### [WHAT THIS TASK INVOLVES]
The data below should be printed in full, exactly, and without any of its images.

### [TASK INPUT]
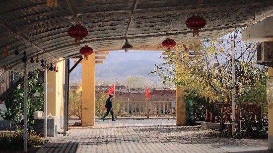 走進(jìn)沙坡頭新村童家園子,黃墻紅瓦的農(nóng)宅,干凈整潔的道路,各種果樹(shù)掩映中,一座座小院各有特色。因?yàn)樘鞖廪D(zhuǎn)涼,過(guò)了旅游季,大部分的農(nóng)家小院已經(jīng)歇業(yè),只有兩三家還在開(kāi)門(mén)營(yíng)業(yè)。
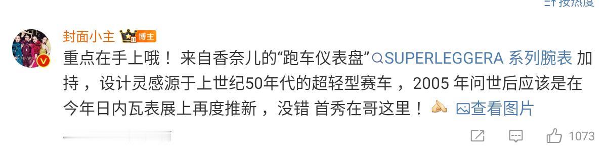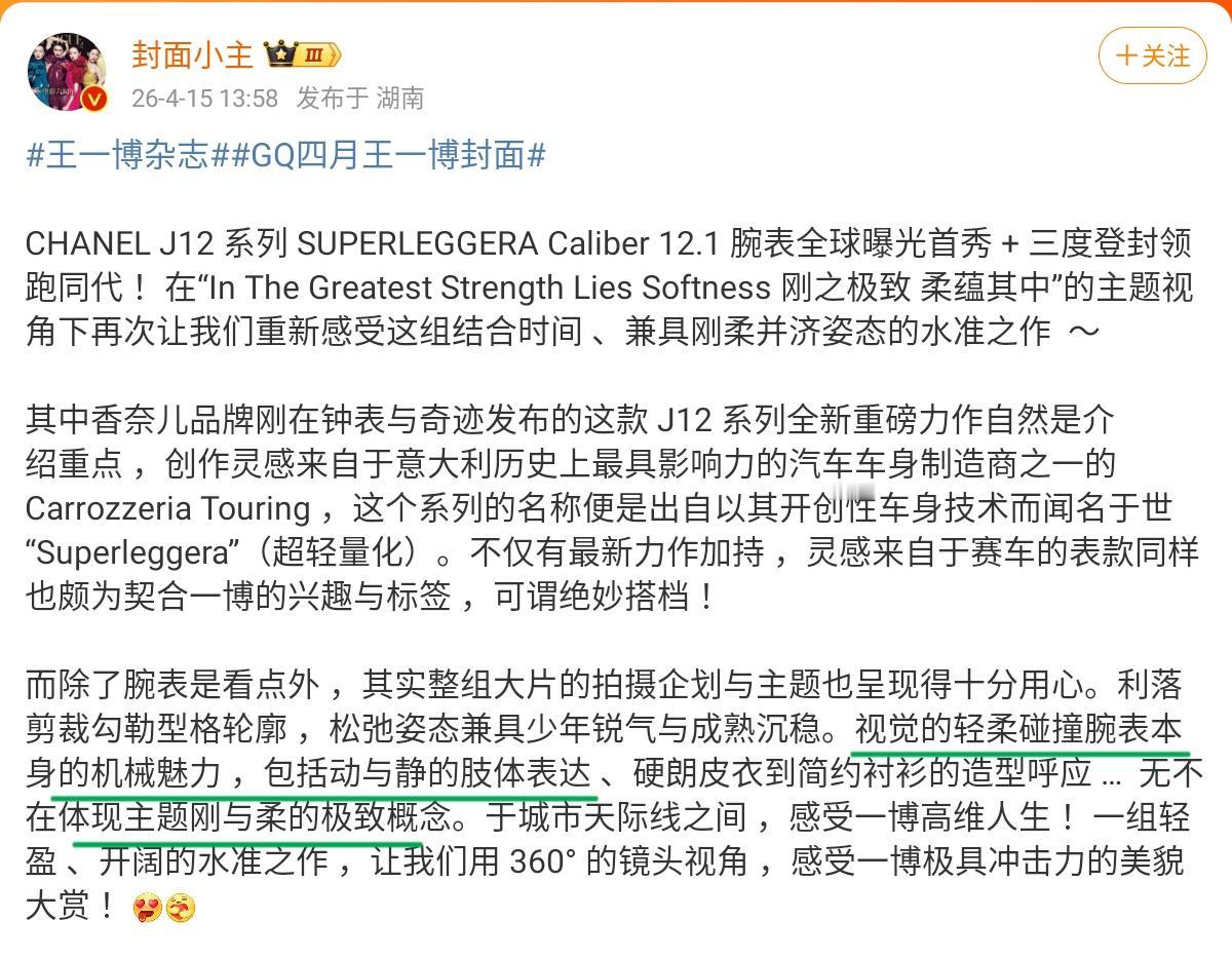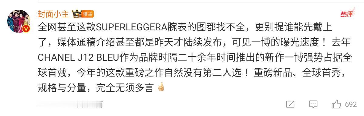 刚刚发布的香奈儿SUPERLEGGERA腕表,在全球曝光之前已经提前戴在了王一博的手上。腕表设计灵感来自于上世纪50年代的超轻量化赛车,没有谁比85号车手更适合这款重磅新品。
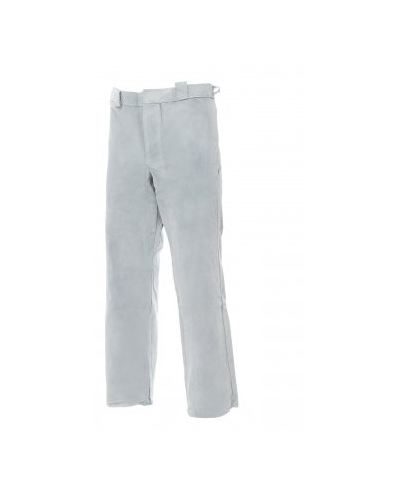 Schutzhose aus Rindspaltleder; Eigenschaften: robust, sehr widerstandsfähig; Stärken: Schutz; Anwendungsgebiete: schwere Handhabung, geeignet für den Kontakt mit heißem, entgratetem Material
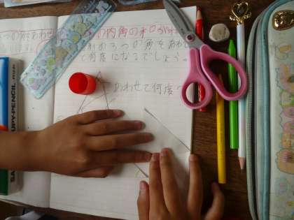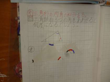5年 三角形の内角の和 公開日 2025/07/11 更新日 2025/07/11 5年 5年1組では算数科の時間に三角形の内角の和について考えました。3か所の角に色鉛筆で印をつけて、3つにちぎりました。そして、3つの頂点を合わせるように角を合わせると……。 いいね(0)
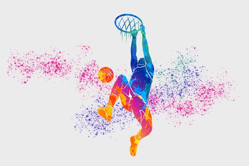 Rainbow Spray Paint Ink Basketball Player Sports Fitness Athletes Digital Realism Boy's Bedroom Decorative Urban Rustic Living Room Bedroom Office
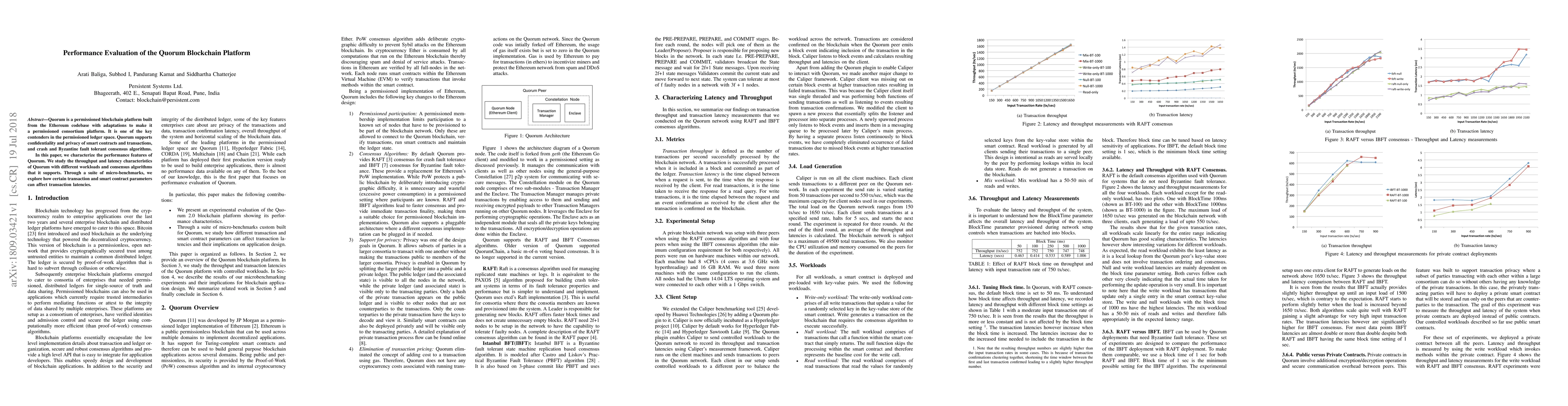 This paper evaluates Quorum, a permissioned blockchain platform, focusing on its throughput and latency with various workloads and consensus algorithms. It also examines how specific transaction and smart contract parameters impact transaction latencies through micro-benchmarks.
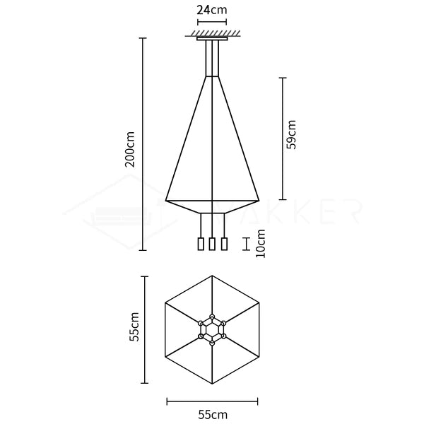 6 heads Hexagonal size: Dia 55cm x H 150cm / ∅ 21.7″ x H 59.1″

### [TASK RESPONSE]
 走進(jìn)沙坡頭新村童家園子,黃墻紅瓦的農(nóng)宅,干凈整潔的道路,各種果樹(shù)掩映中,一座座小院各有特色。因?yàn)樘鞖廪D(zhuǎn)涼,過(guò)了旅游季,大部分的農(nóng)家小院已經(jīng)歇業(yè),只有兩三家還在開(kāi)門(mén)營(yíng)業(yè)。
 刚刚发布的香奈儿SUPERLEGGERA腕表,在全球曝光之前已经提前戴在了王一博的手上。腕表设计灵感来自于上世纪50年代的超轻量化赛车,没有谁比85号车手更适合这款重磅新品。
 Schutzhose aus Rindspaltleder; Eigenschaften: robust, sehr widerstandsfähig; Stärken: Schutz; Anwendungsgebiete: schwere Handhabung, geeignet für den Kontakt mit heißem, entgratetem Material
5年 三角形の内角の和 公開日 2025/07/11 更新日 2025/07/11 5年 5年1組では算数科の時間に三角形の内角の和について考えました。3か所の角に色鉛筆で印をつけて、3つにちぎりました。そして、3つの頂点を合わせるように角を合わせると……。 いいね(0)
 Rainbow Spray Paint Ink Basketball Player Sports Fitness Athletes Digital Realism Boy's Bedroom Decorative Urban Rustic Living Room Bedroom Office
 This paper evaluates Quorum, a permissioned blockchain platform, focusing on its throughput and latency with various workloads and consensus algorithms. It also examines how specific transaction and smart contract parameters impact transaction latencies through micro-benchmarks.
 6 heads Hexagonal size: Dia 55cm x H 150cm / ∅ 21.7″ x H 59.1″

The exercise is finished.